> [Data records]
══════

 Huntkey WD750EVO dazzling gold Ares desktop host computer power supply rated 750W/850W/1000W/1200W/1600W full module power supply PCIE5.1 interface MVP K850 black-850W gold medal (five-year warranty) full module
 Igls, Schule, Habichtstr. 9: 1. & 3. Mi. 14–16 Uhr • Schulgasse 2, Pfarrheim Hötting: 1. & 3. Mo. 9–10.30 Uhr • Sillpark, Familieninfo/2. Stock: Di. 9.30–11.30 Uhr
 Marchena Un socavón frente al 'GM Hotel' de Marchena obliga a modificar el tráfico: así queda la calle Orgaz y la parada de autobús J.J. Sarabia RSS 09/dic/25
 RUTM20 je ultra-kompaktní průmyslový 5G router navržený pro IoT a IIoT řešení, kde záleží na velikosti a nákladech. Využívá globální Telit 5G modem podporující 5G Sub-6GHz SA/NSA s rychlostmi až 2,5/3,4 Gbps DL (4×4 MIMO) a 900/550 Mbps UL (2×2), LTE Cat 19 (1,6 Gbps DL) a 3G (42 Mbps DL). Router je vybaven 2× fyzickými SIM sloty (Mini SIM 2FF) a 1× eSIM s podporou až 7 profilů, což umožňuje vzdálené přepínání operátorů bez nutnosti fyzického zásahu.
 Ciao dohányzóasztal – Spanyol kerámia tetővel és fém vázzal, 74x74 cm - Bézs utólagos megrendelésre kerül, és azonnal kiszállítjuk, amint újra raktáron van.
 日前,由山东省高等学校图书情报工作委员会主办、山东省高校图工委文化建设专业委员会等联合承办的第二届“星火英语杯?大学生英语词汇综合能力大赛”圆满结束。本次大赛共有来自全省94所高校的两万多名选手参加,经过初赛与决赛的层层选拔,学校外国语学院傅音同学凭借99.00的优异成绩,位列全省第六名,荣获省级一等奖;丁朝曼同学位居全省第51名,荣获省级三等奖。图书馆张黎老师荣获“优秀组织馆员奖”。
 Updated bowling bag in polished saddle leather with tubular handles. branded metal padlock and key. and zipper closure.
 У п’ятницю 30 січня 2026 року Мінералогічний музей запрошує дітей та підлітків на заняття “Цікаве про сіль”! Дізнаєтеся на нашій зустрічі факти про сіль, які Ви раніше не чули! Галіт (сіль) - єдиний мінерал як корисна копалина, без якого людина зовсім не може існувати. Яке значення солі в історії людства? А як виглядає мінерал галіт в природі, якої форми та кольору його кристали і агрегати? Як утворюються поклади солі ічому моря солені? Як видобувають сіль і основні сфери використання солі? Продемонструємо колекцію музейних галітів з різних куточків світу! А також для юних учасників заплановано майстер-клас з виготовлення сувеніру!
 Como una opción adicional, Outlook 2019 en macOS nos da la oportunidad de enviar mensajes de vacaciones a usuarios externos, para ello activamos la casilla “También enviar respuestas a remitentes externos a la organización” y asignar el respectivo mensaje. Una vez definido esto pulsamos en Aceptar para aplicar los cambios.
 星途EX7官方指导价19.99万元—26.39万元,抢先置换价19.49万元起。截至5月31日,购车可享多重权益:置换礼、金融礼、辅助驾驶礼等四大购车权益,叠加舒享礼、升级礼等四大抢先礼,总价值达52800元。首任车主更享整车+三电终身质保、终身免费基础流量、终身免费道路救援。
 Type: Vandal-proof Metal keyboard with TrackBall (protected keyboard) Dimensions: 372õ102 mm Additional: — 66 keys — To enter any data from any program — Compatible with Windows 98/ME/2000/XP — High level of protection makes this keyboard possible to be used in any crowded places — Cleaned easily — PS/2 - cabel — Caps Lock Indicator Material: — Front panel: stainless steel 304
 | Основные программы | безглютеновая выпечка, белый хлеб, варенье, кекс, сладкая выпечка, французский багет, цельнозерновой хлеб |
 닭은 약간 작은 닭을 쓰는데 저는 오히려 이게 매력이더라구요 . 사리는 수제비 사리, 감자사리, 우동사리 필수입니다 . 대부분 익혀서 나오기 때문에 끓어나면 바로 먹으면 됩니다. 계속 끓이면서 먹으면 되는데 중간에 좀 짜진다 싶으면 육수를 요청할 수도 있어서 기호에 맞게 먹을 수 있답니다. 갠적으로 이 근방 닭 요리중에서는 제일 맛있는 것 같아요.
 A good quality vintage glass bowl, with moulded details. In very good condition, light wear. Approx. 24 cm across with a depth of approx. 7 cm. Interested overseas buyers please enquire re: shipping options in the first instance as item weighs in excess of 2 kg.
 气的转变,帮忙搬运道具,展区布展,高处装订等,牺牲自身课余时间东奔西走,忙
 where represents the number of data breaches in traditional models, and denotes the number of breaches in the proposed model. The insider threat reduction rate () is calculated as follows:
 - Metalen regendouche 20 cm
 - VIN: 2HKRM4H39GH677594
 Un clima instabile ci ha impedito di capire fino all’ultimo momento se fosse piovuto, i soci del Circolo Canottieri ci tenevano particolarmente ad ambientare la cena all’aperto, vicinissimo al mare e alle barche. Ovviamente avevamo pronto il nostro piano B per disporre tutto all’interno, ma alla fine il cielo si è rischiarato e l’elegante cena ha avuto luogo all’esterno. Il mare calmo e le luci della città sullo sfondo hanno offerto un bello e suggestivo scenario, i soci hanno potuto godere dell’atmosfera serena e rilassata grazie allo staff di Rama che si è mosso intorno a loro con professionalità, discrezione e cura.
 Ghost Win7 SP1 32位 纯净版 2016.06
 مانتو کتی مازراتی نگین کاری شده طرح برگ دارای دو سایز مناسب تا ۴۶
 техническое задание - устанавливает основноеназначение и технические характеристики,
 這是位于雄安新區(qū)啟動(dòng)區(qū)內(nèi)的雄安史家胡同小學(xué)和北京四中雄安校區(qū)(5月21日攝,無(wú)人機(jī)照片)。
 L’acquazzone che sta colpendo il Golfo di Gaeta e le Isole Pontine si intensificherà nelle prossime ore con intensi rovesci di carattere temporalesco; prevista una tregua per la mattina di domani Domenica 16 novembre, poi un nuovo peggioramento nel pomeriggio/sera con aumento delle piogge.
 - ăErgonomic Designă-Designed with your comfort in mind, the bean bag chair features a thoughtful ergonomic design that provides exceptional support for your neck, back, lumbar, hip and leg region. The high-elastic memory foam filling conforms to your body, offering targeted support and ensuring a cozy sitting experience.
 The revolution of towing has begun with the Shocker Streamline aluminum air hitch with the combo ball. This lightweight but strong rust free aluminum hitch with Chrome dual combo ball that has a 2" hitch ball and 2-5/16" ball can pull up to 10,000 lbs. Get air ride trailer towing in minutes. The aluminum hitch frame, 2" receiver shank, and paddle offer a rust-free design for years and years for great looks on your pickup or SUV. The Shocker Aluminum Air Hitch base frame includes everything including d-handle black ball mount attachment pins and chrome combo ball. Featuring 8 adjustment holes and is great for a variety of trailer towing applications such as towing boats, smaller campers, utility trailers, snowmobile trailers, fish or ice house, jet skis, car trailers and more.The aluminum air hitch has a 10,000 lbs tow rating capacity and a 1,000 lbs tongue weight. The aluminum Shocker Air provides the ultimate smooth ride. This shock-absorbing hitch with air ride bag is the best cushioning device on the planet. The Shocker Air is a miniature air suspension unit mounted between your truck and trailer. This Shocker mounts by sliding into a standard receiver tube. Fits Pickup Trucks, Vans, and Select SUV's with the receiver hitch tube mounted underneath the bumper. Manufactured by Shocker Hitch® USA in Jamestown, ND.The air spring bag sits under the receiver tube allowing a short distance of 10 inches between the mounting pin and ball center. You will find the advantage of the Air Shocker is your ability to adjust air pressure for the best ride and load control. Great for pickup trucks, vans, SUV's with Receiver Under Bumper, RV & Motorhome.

══════

> [What the task requires] Within the listing above, the range opens at the line with "Type: Vandal-proof Metal" and closes at the line with "- VIN: 2HKRM4H39GH677594". Reproduce exactly the lines of that range, including both ends.

> [Exercise output]
 Type: Vandal-proof Metal keyboard with TrackBall (protected keyboard) Dimensions: 372õ102 mm Additional: — 66 keys — To enter any data from any program — Compatible with Windows 98/ME/2000/XP — High level of protection makes this keyboard possible to be used in any crowded places — Cleaned easily — PS/2 - cabel — Caps Lock Indicator Material: — Front panel: stainless steel 304
 | Основные программы | безглютеновая выпечка, белый хлеб, варенье, кекс, сладкая выпечка, французский багет, цельнозерновой хлеб |
 닭은 약간 작은 닭을 쓰는데 저는 오히려 이게 매력이더라구요 . 사리는 수제비 사리, 감자사리, 우동사리 필수입니다 . 대부분 익혀서 나오기 때문에 끓어나면 바로 먹으면 됩니다. 계속 끓이면서 먹으면 되는데 중간에 좀 짜진다 싶으면 육수를 요청할 수도 있어서 기호에 맞게 먹을 수 있답니다. 갠적으로 이 근방 닭 요리중에서는 제일 맛있는 것 같아요.
 A good quality vintage glass bowl, with moulded details. In very good condition, light wear. Approx. 24 cm across with a depth of approx. 7 cm. Interested overseas buyers please enquire re: shipping options in the first instance as item weighs in excess of 2 kg.
 气的转变,帮忙搬运道具,展区布展,高处装订等,牺牲自身课余时间东奔西走,忙
 where represents the number of data breaches in traditional models, and denotes the number of breaches in the proposed model. The insider threat reduction rate () is calculated as follows:
 - Metalen regendouche 20 cm
 - VIN: 2HKRM4H39GH677594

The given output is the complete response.